I admit it. I'm a Miata fanboy. Publicly, I won't admit that the car has any faults. It's perfect. But friends, in private, I think it has quite a few. I'm going to let you in on what needs fixing. And why the Super20 fixes all of them. And more.
(Full Disclosure: I wanted to drive the Super20 so bad that I pestered Mazda for months to let me do it. Months. Ask them, they'll tell you. [UPDATE: Mazda PR has informed me I started asking on April 3, 2013.] They told me I could if I was ever in LA, so I came to LA. Pro tip: If you want me to go somewhere, tell me there will be a modified Miata waiting for me when I get there.)
The Miata is more than the sum of its parts. It's kind of like every equation I solved in high school math, although that was more by mistake than design. Out of the factory, the Miata does have a few flaws. And the biggest flaw is the engine.
In one of the most character-filled cars on the road, the Miata has one of the most anemic and boring engines you can imagine. It sounds flat. It feels blah. It doesn't wow you with high power or high torque. The 2.0 gets the job done, but it doesn't do it thrillingly.
And that's a shame, because the brilliance of the Miata chassis means it can handle so much more power and do it easily. The aftermarket makes turbos, superchargers, and even drops in V8s to make the engine match the chassis. Mazda has even lightly turbocharged the Miata in the past.

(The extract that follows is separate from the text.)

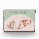 Modernes und minimales Foto für die Pflege von Säuglingen mit einem großen, grünen Bogen für das Foto Ihres Babys mit Informationen zur Geburtsstatistik. Funktioniert am besten mit einem horizontalen Foto.
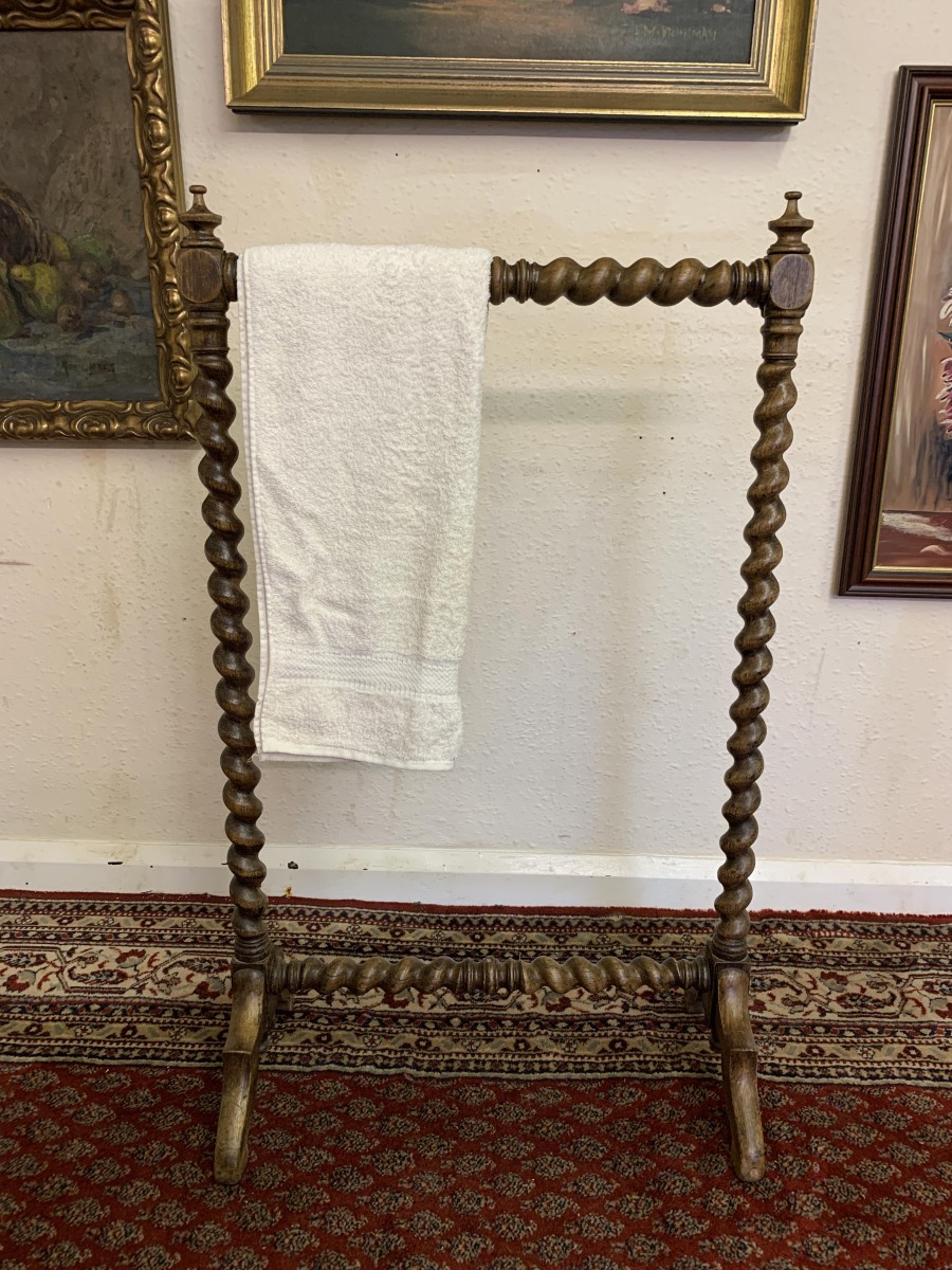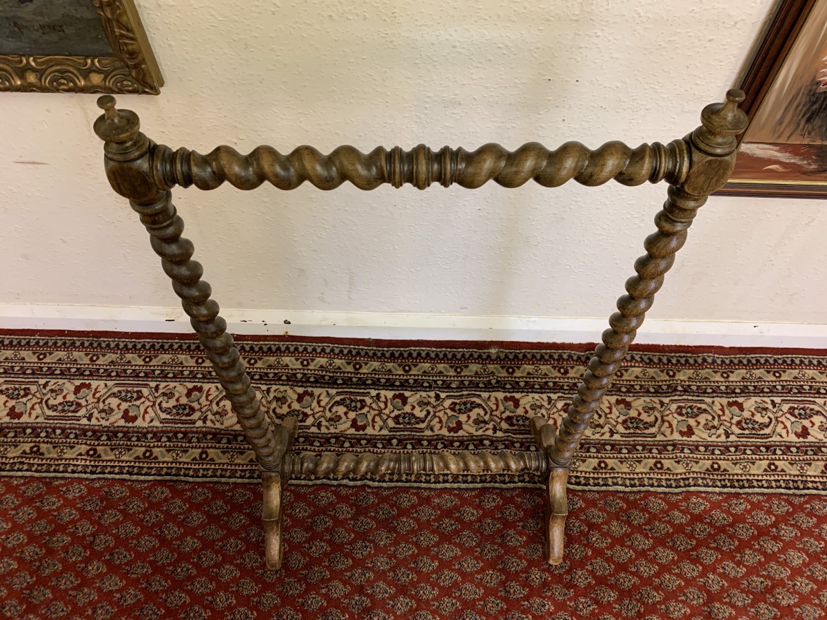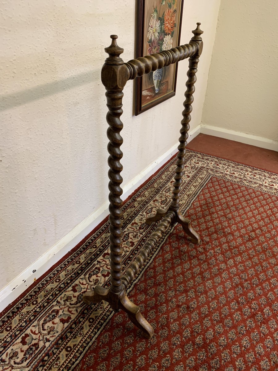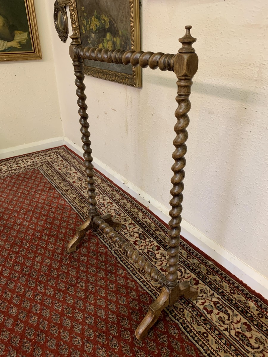 The twist arms have turned finials to the top, twist rail to the top with a twist stretcher support to the bottom and standing on outswept legs.

That's what makes the Super20 so great: It's supercharged. By Cosworth and Flyin' Miata. Yes. That Cosworth. The car also has all these great other words like Stoptech, Toyo, Enkei, and Mazdaspeed. And what that equals is a balls out Miata with 250 horsepower (About. Maybe. Mazda hasn't said the power it makes, but other publications put it around there. I'm going to agree.). This was Mazda's concept at SEMA in 2010 and 2011, and for some reason they're now letting regular folks drive it. I'm not going to complain.